Parler d’amitié artistique est peut-être excessif, car si Ferdinand Hodler (Berne,1853 – Genève,1918) et Filippo Franzoni (Locarno,1857 – Mendrisio,1911) ont exposé dans les mêmes lieux, participé aux mêmes concours, ils se sont peu croisés. En revanche, ils ont été, à des titres différents, deux interprètes particulièrement sensibles du paysage suisse à la charnière des XIXe et XXe siècles.
En les rapprochant, cette exposition du MASI (Museo d’arte della Svizzera italiana) vise à mettre en évidence les rapprochements et les divergences entre leurs deux pratiques artistiques. Elle est surtout l’occasion de faire découvrir Franzoni, bien moins connu du grand public qu’Hodler dont la renommée est devenue internationale.
Issu d’une famille du canton de Berne, Hodler a connu une enfance difficile, marquée par la pauvreté, de nombreux déménagements, la mort de ses parents lorsqu’il était encore enfant, et celle de ses quatre frères de tuberculose avant 1879. Initié à la peinture grâce à son beau-père, Gottlieb Schüpbach, peintre-décorateur de profession, il fait vite preuve d’une grande sensibilité, au réalisme doublé d’idéalisme et de symbolisme dans sa représentation des paysages de sa Suisse natale, lacs et montagnes surtout. Ils sont peints dans des formes de plus en plus stylisées, jusqu’à dissoudre les lignes et unir lac, sommets et ciel dans un camaïeu de bleus lumineux, sublimant le paysage jusqu’à le transformer en symbole universel du temps, de l’espace et de l’éternité.
La renommée de Franzoni n’a pas beaucoup dépassé celle du Tessin. Né dans une famille bourgeoise libérale, il étudie à l’Accademia di Brera à Milan, effectue plusieurs séjours à l’étranger et partage ensuite son temps entre la capitale lombarde et Locarno, sa ville natale. Lui-aussi s’est mis à réduire les formes et les couleurs à l’essentiel. Mais moins novateur que le Bernois, ses toiles vont s’attrister au fil d’une quête introspective marquée par des conditions de vie difficile et une maladie qui va le mener à l’internement psychiatrique.

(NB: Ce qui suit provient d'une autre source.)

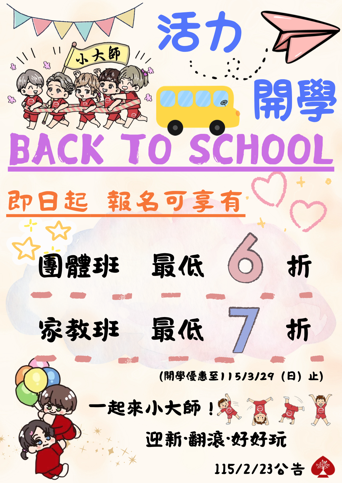「小大師開學季」 新學期 開心學 孩子想學習新的興趣和運動嗎? 小大師是您最好的選擇 安全、有趣、翻滾迎開學 即日起報名可享有 團體班 最低6折 家教班 最低7折 還有 限時寵粉活動 凡小大師學員 報名+打卡評論 可再享9折優惠 凡新生體驗後 三日內報名 可享團體班6折 家教班7折 (新生以原價活動進行使用,每人至多四期)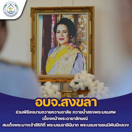 อบจ.สงขลา ร่วมพิธีลงนามถวายความอาลัย และถวายน้ำสรงพระบรมศพ เบื้องหน้าพระฉายาลักษณ์ สมเด็จพระนางเจ้าสิริกิติ์ พระบรมราชินีนาถ พระบรมราชชนนีพันปีหลวง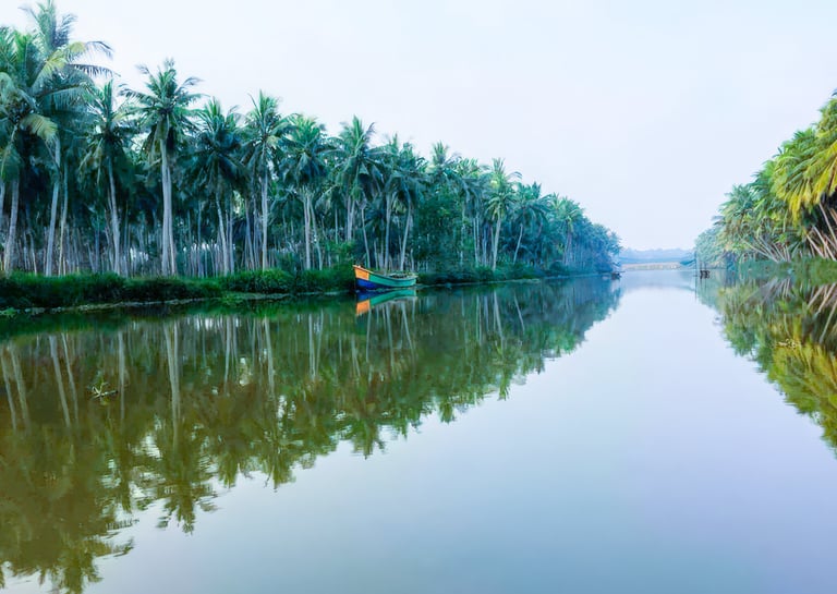 Discover the tranquil charm of Bhimavaram, nestled in the lush heart of the Godavari delta. Stroll or cycle alongside scenic canal-lined roads, where coconut groves and paddy fields sway in the breeze. Begin your day with a spiritual visit to the Somarama Temple, one of the Pancharama Kshetras, known for its striking Dravidian architecture and sacred ambiance.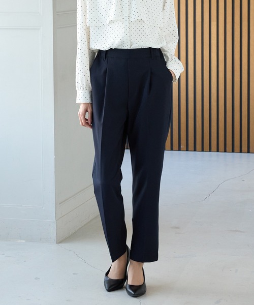 大人気!きれい魅せ『美ージー』シリーズ♪ 【デザイン】 もっと短い丈が欲しいとのご要望に応えた、股下60cmタイプ。 ファスナーやボタンのない、すっきりとしたデザイン。 きちんと感のあるセンタープレスと、腰回りのラインにこだわった、裾に向かって細くなる美しいシルエットで美脚効果も抜群。 【素材・機能】 環境に優しい再生ポリエステルを使用した、『ストレッチ』の利いたツイル素材とウエストゴムでストレスフリーなはき心地。 洗濯機で洗える『マシンウォッシャブル』と、シワになりにくい『イージーケア』の機能付き。 便利な両サイドポケット付き。 【スタイル】 ブラウスと合わせたきれいめスタイルから、Tシャツと合わせたカジュアルスタイルまで、幅広い着回しに毎日大活躍。 自分にぴったりが見つかる、股下4レングス×豊富なサイズ展開! ・股下60cm(品番:573-73-1065) ・股下63cm(品番:573-73-1066) ・股下66cm(品番:573-73-1067) ・股下69cm(品番:573-73-1129)WEB限定 ※時期により未販売の場合がございます。 ※ウエスト部分ゴム●裏地/アイボリーのみあり ※前開き・後ポケットみせかけ 品番:573-73-1065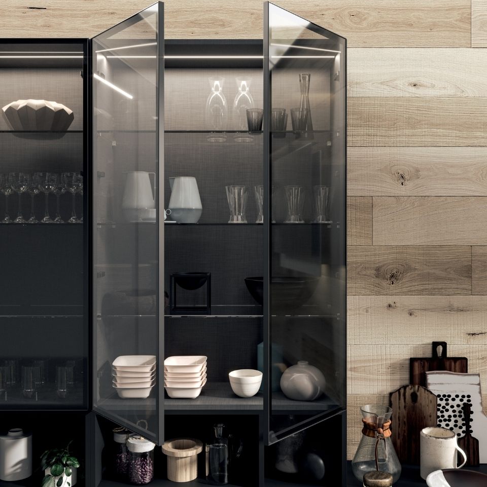 Now is the time to make fresh and innovative choices. Bold, warm and attractive the Italian kitchen line, Bijou, expresses itself through elegant tones of matt glass such as pure white, dove blue, bold colours such as sulphur-yellow or charming hues such as silk grey that fulfil the desires of light when it brightly sparkles on the glass wall cabinets. Shown with aluminium c-channel, plinths, frame and the black worktop with a seductive touch on the open elements.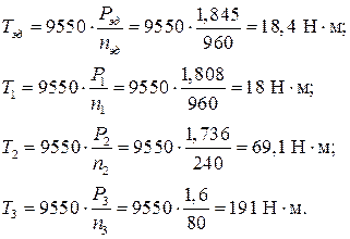 Аналогично определяем передаточные числа для остальных вариантов электродвигателя, оставляя при этом передаточное число редуктора постоянным. Результаты расчетов сводим в таблицу 2
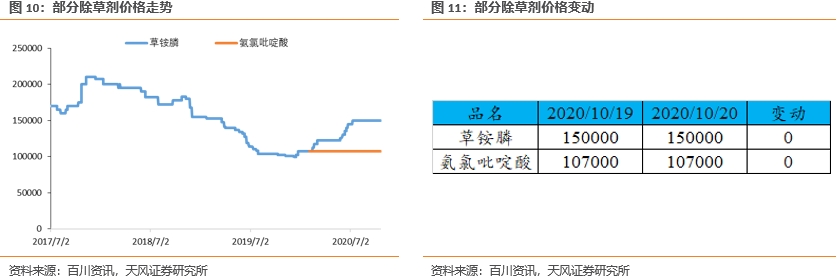 10月20日,百川盈孚草铵膦现货价格指数(BGLI)为150000,上涨0,涨幅0%;95%草铵膦生产商报价至15-16万元/吨,实际成交价至15万元/吨。采购市场观望,谨慎询盘。四川主流供应商开工稳定,正常接单。从市场反馈看,华北供应商目前尚未商业化投入市场产量。(资料来源:百川资讯)

Ses œuvres, paysages et portraits, sont exposées en regard d’œuvres de Hodler (célèbres ou moins connues), provenant d’importantes collections publiques et privées, essentiellement suisses.
Ces quatre-vingts peintures, réalisées par les deux artistes au cours de quatre décennies suivent leur trajectoire artistique et nous offrent une jolie plongée dans la peinture tessinoise.